• [TASK REQUIREMENTS]
Please give all of the data again, character for character, and drop the pictures.

• [DATA]
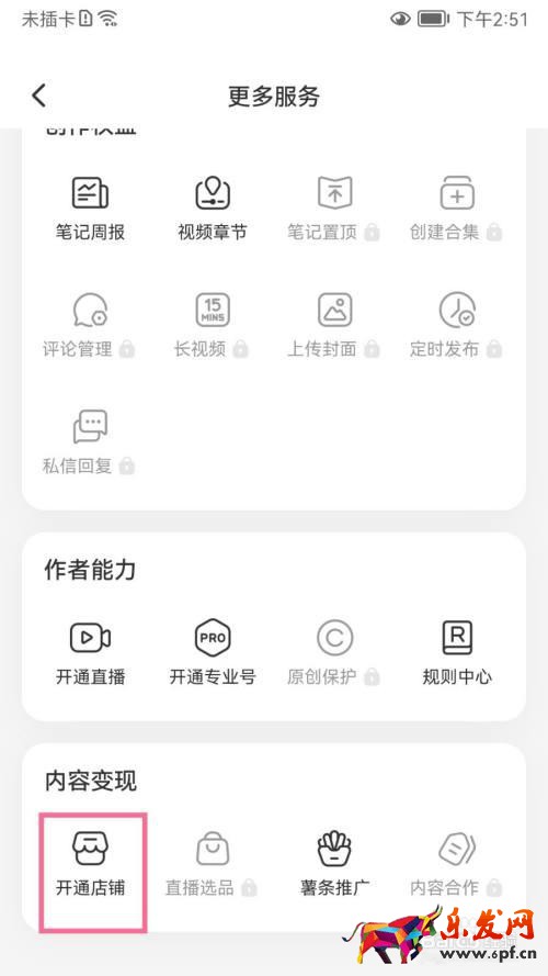 4 打開更多服務的界面點擊開通店鋪選項
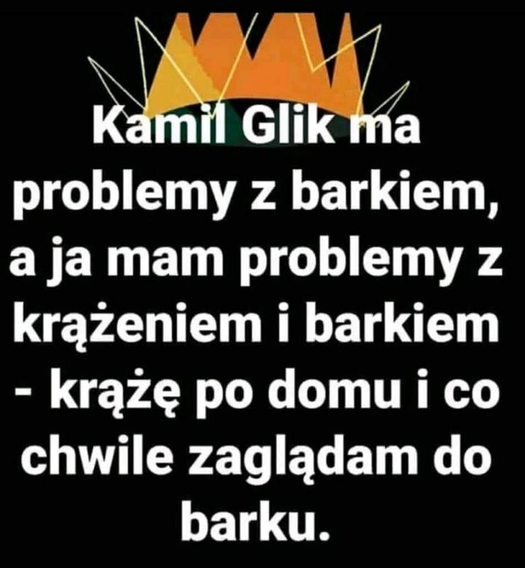 SlawekNikt Opublikowano 23 Czerwca 2018 Zgłoś Udostępnij Opublikowano 23 Czerwca 2018 Ciętych ripost ciąg dalszy Rodzice rozmawiają, że dziecko dorasta itd. ...Syn włącza się w dyskusję i również stwierdza, że fakt dorasta i interesują go już te sprawy Na to matka: no tak Ciebie synu interesują, a innych (mając na myśli męża) już nie ...Ojciec: Interesują, interesują, ale w innym towarzystwie Cytuj Odnośnik do komentarza Udostępnij na innych stronach Więcej opcji udostępniania...
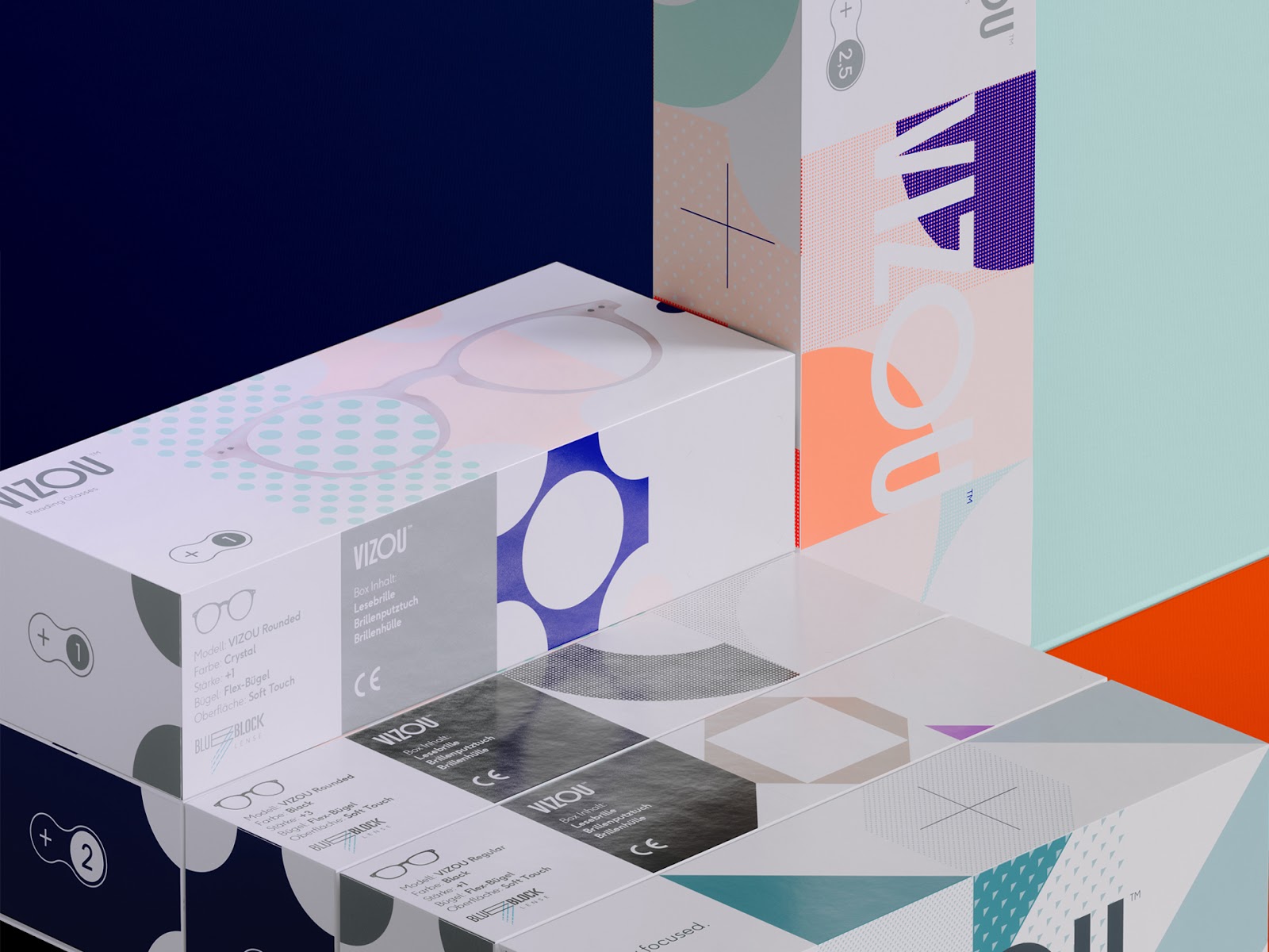 設(shè)計(jì)師希望表現(xiàn)產(chǎn)品享受每個(gè)細(xì)節(jié)-閱讀的新樂趣這一理念。根據(jù)各個(gè)眼鏡模型的屈光度,形式和色調(diào)而變化,設(shè)計(jì)師用圖形化的方式加以表達(dá),呈現(xiàn)出與眾不同的視覺效果。
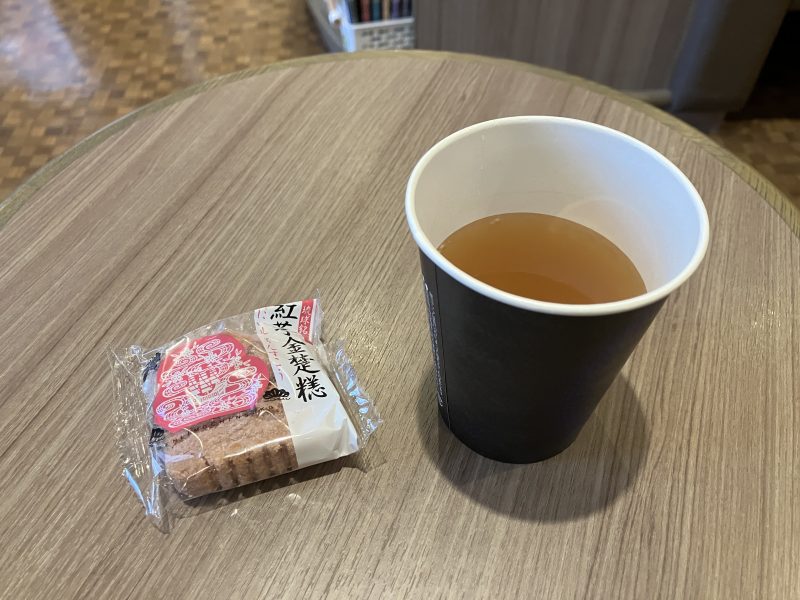 - 数種類のちんすこう、うまい棒、サラダせんべいなどのスナックが食べ放題
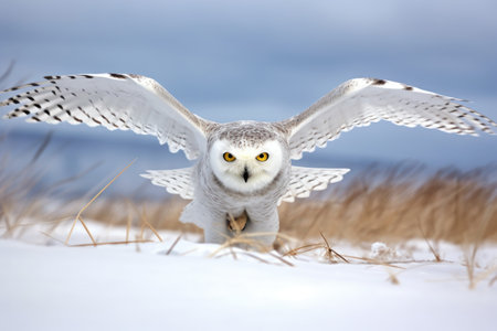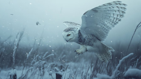 snowy owl diving towards a snow-covered field, targeting its prey, created with generative ai
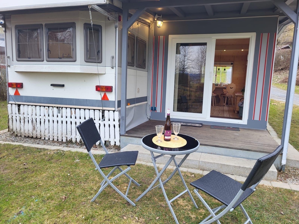 Schöner Wohnwagen(Nichtraucher!!) in ruhigem und abgetrennten Garten. Voll ausgestattet mit Vorzelt zum draußen sitzen.Neues Duschhaus mit Toilette und Wasch- und Spülgelegenheit nur für Euch! Grillmöglichkeit. Dorfladen um die Ecke. Ideal für Wanderer, Fahrrad- und Motorradfahrer. Viele Wander- und Ausflugsmöglichkeiten in der Umgebung. Gerne stehen wir mit Rat und Tat zur Seite. Wir sprechen Deutsch und Englisch
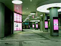 駅ビルの円柱に掲げられたコスメのポスターが、今宵は見る者がおらずとも健気に美を映している。
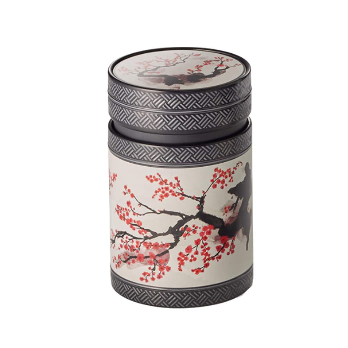 Limeni spremnik za čaj s tradicionalnim dalekoistočnim motivom, trešnjinim cvijetom. Visokokvalitetni poklopac zadržava aromu čaja.

• [RESPONSE AREA]
 4 打開更多服務的界面點擊開通店鋪選項
 SlawekNikt Opublikowano 23 Czerwca 2018 Zgłoś Udostępnij Opublikowano 23 Czerwca 2018 Ciętych ripost ciąg dalszy Rodzice rozmawiają, że dziecko dorasta itd. ...Syn włącza się w dyskusję i również stwierdza, że fakt dorasta i interesują go już te sprawy Na to matka: no tak Ciebie synu interesują, a innych (mając na myśli męża) już nie ...Ojciec: Interesują, interesują, ale w innym towarzystwie Cytuj Odnośnik do komentarza Udostępnij na innych stronach Więcej opcji udostępniania...
 設(shè)計(jì)師希望表現(xiàn)產(chǎn)品享受每個(gè)細(xì)節(jié)-閱讀的新樂趣這一理念。根據(jù)各個(gè)眼鏡模型的屈光度,形式和色調(diào)而變化,設(shè)計(jì)師用圖形化的方式加以表達(dá),呈現(xiàn)出與眾不同的視覺效果。
 - 数種類のちんすこう、うまい棒、サラダせんべいなどのスナックが食べ放題
 snowy owl diving towards a snow-covered field, targeting its prey, created with generative ai
 Schöner Wohnwagen(Nichtraucher!!) in ruhigem und abgetrennten Garten. Voll ausgestattet mit Vorzelt zum draußen sitzen.Neues Duschhaus mit Toilette und Wasch- und Spülgelegenheit nur für Euch! Grillmöglichkeit. Dorfladen um die Ecke. Ideal für Wanderer, Fahrrad- und Motorradfahrer. Viele Wander- und Ausflugsmöglichkeiten in der Umgebung. Gerne stehen wir mit Rat und Tat zur Seite. Wir sprechen Deutsch und Englisch
 駅ビルの円柱に掲げられたコスメのポスターが、今宵は見る者がおらずとも健気に美を映している。
 Limeni spremnik za čaj s tradicionalnim dalekoistočnim motivom, trešnjinim cvijetom. Visokokvalitetni poklopac zadržava aromu čaja.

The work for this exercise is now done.